Shirley Bassey. The cast of Les Miserables powerfully harmonizing on One Day More. Barbra Streisand. As it turns out, the highlights of Sunday’s Academy Awards telecast were largely musical … and barely overcame the mechanical teddy bear Ted asking where the sex party was going to be after the Oscars. Ugh.
Seth MacFarlane was the wrong choice to host the Academy Awards, barraging those in attendance (and the billions watching at home) with tasteless punchlines that made us want to take a shower after the ceremony. Pomp and circumstance were replaced with pedophilia and crap jokes, torpedoing a telecast that was off the mark from minute one and never found its feet.
Out of the roughly 35 disastrous moments from last night’s abysmal Oscars telecast, here are the five most jaw-dropping, head-scratchingly awful moments we should have been spared.
#1: “We saw your boobs.”
The lowest point for a telecast that, at its finest moment, was mediocre. I totally get MacFarlane pitching this idea. It’s crass, sexist, disgusting … if it popped up on Family Guy in animated form, that show’s audience might laugh. But how the hell did the grotesque and woefully unfunny musical number actually get greenlit for air by co-producers Neil Meron and Craig Zadan? How could they not instantly realize the concept is wrong for the Oscars – unless you’re OK with the Oscars devolving to the level of the AVN Awards.
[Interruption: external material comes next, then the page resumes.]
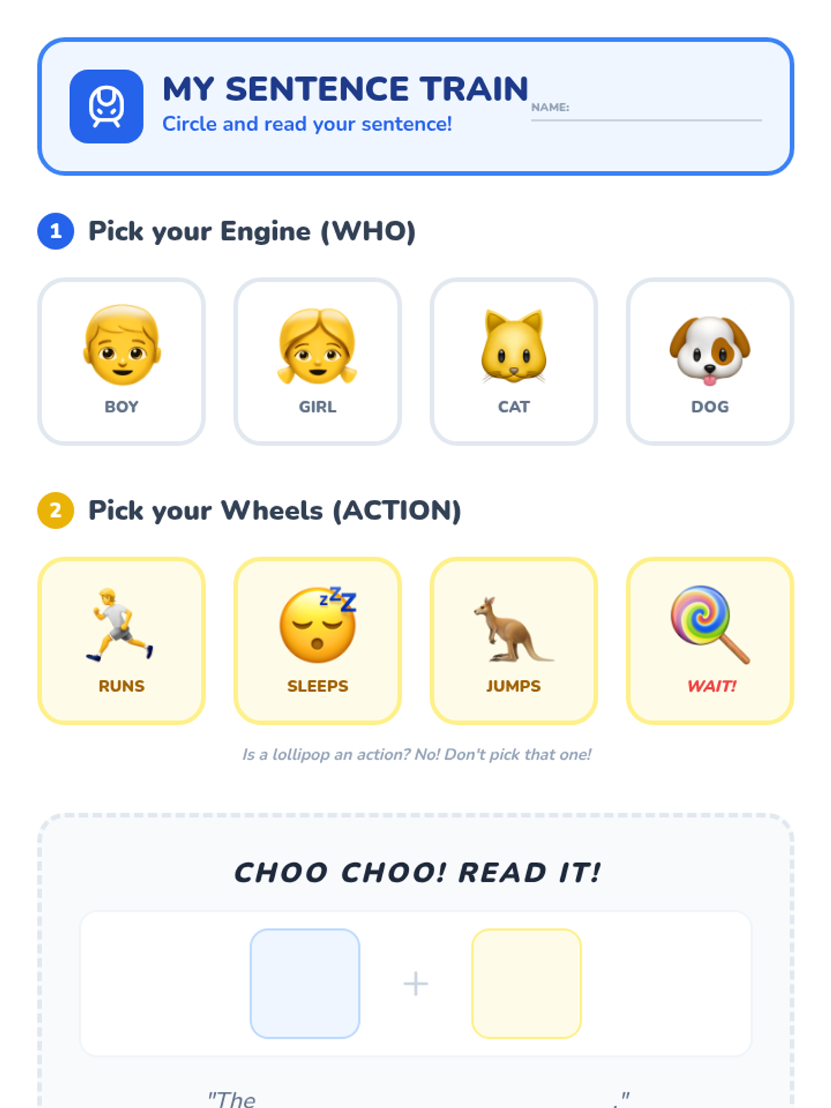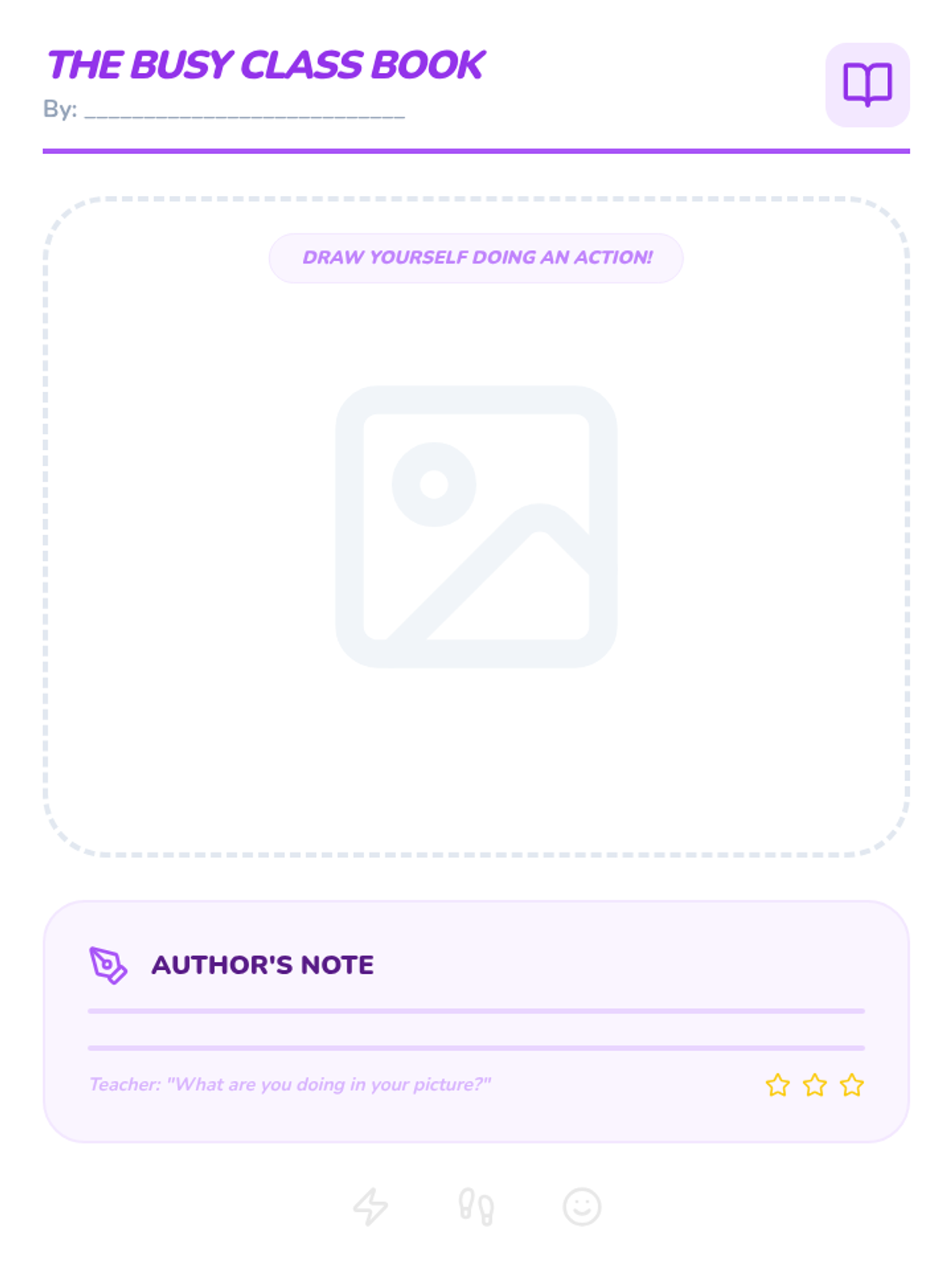 A project-based sequence where Pre-K students become authors by creating their own decodable mini-books. Students learn to use phonetic knowledge to name characters, illustrate actions, and write simple captions, culminating in an Author's Chair celebration.

Will the voice of Mr. Skin host the Academy Awards next year? Naomi Watts and Jennifer Lawrence get partial credit for agreeing to play along with the joke by providing pre-recorded reaction shots to MacFarlane’s horrendous number – which, according to a lengthy William Shatner skit that refused to end, led to the host scoring bad reviews. If only the rest of MacFarlane’s shtick were pre-recorded … and then left on the cutting-room floor.
#2: “Here’s to the losers.”
Another disastrous decision by Meron and Zadan, who should never work in this town again. Ben Affleck has just shocked the room, winning the Best Picture Oscar for Argo without claiming a Bets Director prize … a feat that has only been accomplished three times in film history. He gives a heartwrenching speech about picking oneself up after repeated public beatings. His voice cracks\ as he thanks his wife and children. Hard to top, right? But MacFarlane continues his stream of misfires by attempting to close the show with an off-color song-and-0dance routine with red-carpet punching bag Kristin Chenoweth where they celebrate “all the losing works of art, from Lincoln to Amour.” I’m sorry, what? They are losers? What the hell does that make you two bullies? Champions?! Here’s to the losers, indeed. We watched them sing a pathetic number while the bulk of the theater ran for the exits, and America changed the channel.
#3: The Jaws music playing people off the stage
The first time it happened, I thought it was pretty clever. In an evening dedicated to the music of the movies, John Williams’ signature Jaws music sneaks up on long-winded Oscar winners and plays them off. But the more they used it, the ruder it became. And when a visual artist responsible for Ang Lee’s breathtaking Life of Pi received both the Jaws music AND a turned off microphone as he tried to draw attention to his fellow colleagues at the financially struggling Rhythm and Hues, the Oscar telecast officially jumped the shark.
#4: Seth MacFarlane’s John Wilkes Booth joke
Not because it was tasteless, but because it was so obvious. MacFarlane, who unleashed a violent stream of duds all night long, said that the only other person besides Daniel Day-Lewis to get into Abraham Lincoln’s head was Booth. Funny? You might think. But it’s such an easy joke, I’m ashamed at MacFarlane for evening attempting it. This bad joke barely edged out the vile barbs he aimed at Rihanna and Chris Brown or George Clooney eventually dating 9-year-old Quevenzhane Wallis. Again, these offensive jokes probably should have been funny, but the delivery and the dated feel of the targets just added to the pile of Oscar gags that whiffed.
Separate church and state. Keep Clint Eastwood and his empty chairs out of political conventions. And leave the White House out of the Oscars. I didn’t think it was the right decision to have Michelle Obama presenting “alongside” Jack Nicholson at a moment of the show that’s traditionally reserved for Hollywood royalty. I thought the lag between Nicholson’s stage presence and Mrs. Obama’s on-screen bit disrupted any chemistry or flow. It was another medium-concept idea that might have sounded OK on paper but failed in the execution … which is how I’d sum up the 85th annual Academy Awards, on whole. Perhaps in some writers’ room deep in the bowels of Hollywood, everything that we witnessed Sunday night sounded like a great idea. But a lot was lost in the translation.